A new, reinvigorated Wild Goose Ranch
When Emily Handy was growing up on North Anguilla Road, there were always animals around. She and her family, the Miners, cared for sick rabbits and squirrels. A pot-bellied pig lived in the house.
"We took a lot of pride in caring for the animals. It's always been my passion," she said.
So in 2005 when she and her husband Tim moved into the house on the same property where her grandparents once lived, it was only a matter of time before there were animals.
In 2008, she decided she wanted to raise chickens. People began asking her for fresh eggs so she and Tim soon built another coop.
"And it took off from there," she said. "I grew up living with animals so to do this is a dream come true."
Soon there were roosters, quail, geese, rabbits and ducks, which she sells for meat and the eggs. She also has five bee hives and sells honey. She sells jams and jellies and has an organic garden on the property. Next year, she plans to raise and sell fresh turkeys.
The animals at Wild Goose Ranch live in large immaculately maintained coops and enclosures that are painted white with red trim. The rabbits even have window boxes outside their enclosures.
The chickens, ducks and geese roam the property and a large central enclosure. They even enjoy a nearby pond.
They eat an all-natural diet and many of them have names, such as Ritz, Saltine, Julia and Godfried, which Emily rattles off as she walks among the chickens, geese and ducks. One of the rabbits, a plump bunny named Stewie, appears in productions of "Alice in Wonderland." A sign out front reads Wild Goose Ranch.
Handy, 30, said the farm is also a way to honor her grandfather Latham Miner, who ran a sawmill on the property.
"He passed on his love of birds, ducks and geese to me," she said.
When Tim Handy was digging out the root cellar in their house, he uncovered a sign board which read Wild Goose Ranch, LH Miner & Sons.
She had never heard the name before so she asked her father who told her it was the name of the farm that her grandfather once ran on the property.
"That was so cool. We preserved the sign and repainted it and hung it up on the porch," she said pointing to an old photo of her grandparents that shows the sign hanging on the porch.
In addition to caring for the animals like pets, Emily also butchers them herself.
"I kill them in the most humane way possible," she said. "If you're a meat-eater then you have to take responsibility for the way an animal lives and dies."
Emily said one of the most difficult things she's had to do since running the farm was the recent amputation she did of the leg of a chicken when it got caught in a statue on the property.
Last week, the recovered chicken was in a bedroom of her home, wheeling around in a cart Emily's mother had made for it.
The town cited Emily last month for violating zoning regulations because the town prohibits the breeding and raising "of foxes, minks, pigs, rodents, rabbits and other fur bearing animals."
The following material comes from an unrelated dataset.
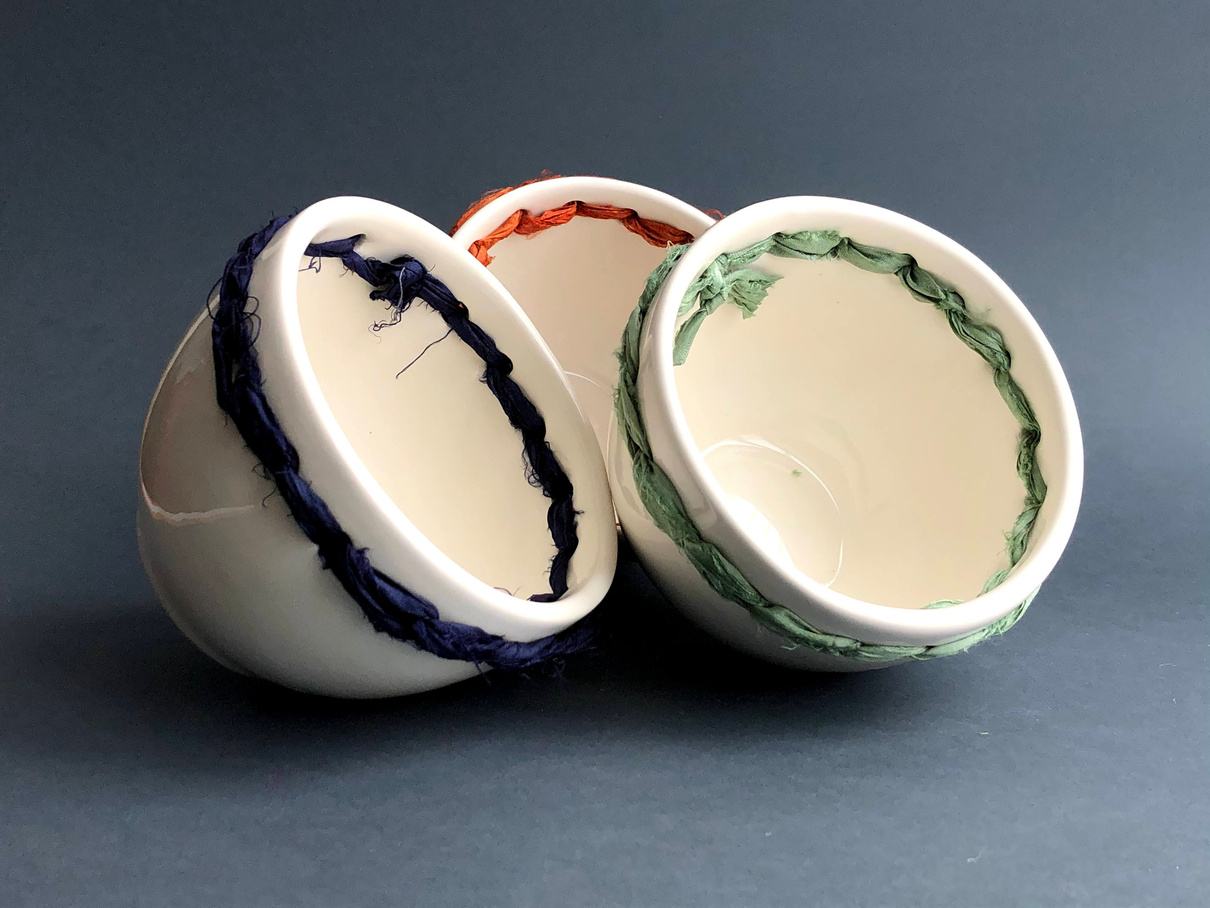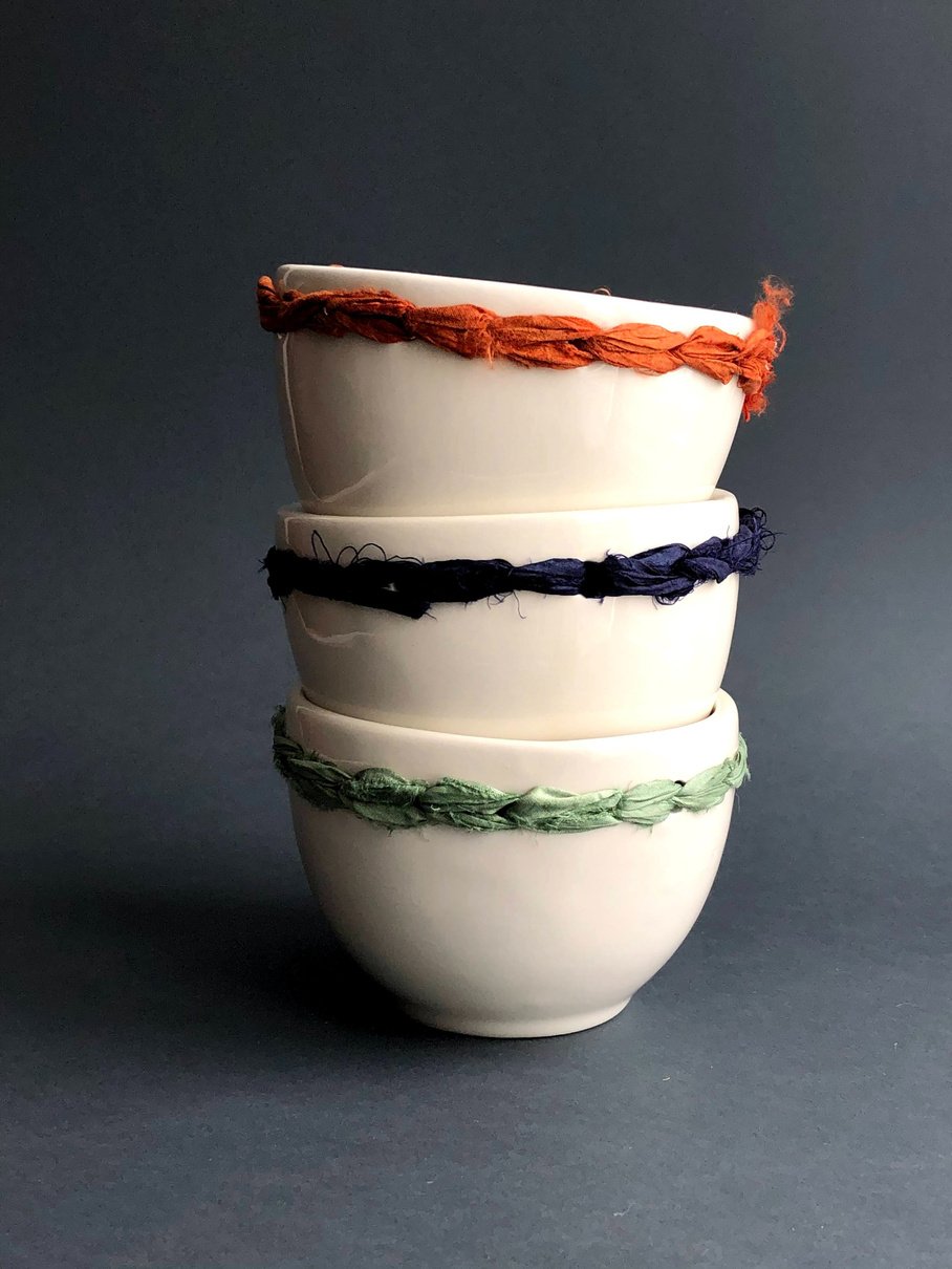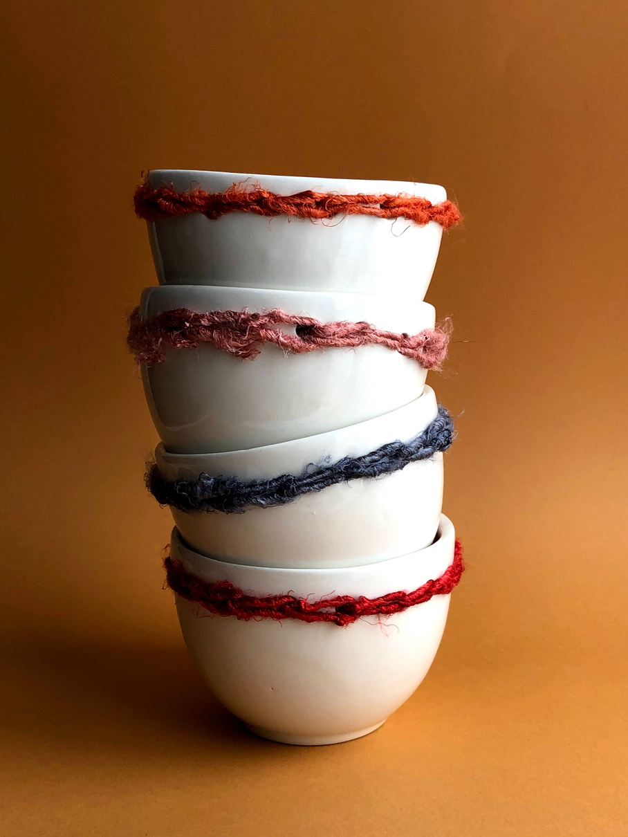 Taças de cerâmica com detalhe em crochet feito com desperdício de seda dos saris indianos.

The town said her raising of meat rabbits violated that ban and that she must stop selling meat rabbits and remove the portion of the sign advertising them from the sign along North Anguilla Road. If she did not, she faced fines of $150 a day.
Emily, who admits she was upset with the town's action, decided not to appeal the order to the Zoning Board of Appeals.
"I didn't want to make a thing about it," she said.
She still has Stewie and the other rabbits on the property.
Handy said people offer her animals all the time and she once traded a piece of plywood for two ducks.
She sells eggs by the honor system. Customers walk up to the refrigerator on her porch, take eggs out and leave money - $3 per dozen for chicken eggs and $4 for duck eggs. She also sells goose eggs and donates what she does not sell to the Pawcatuck Neighborhood Center.
"There's been so many people good to us that I want to be good to other people," she said.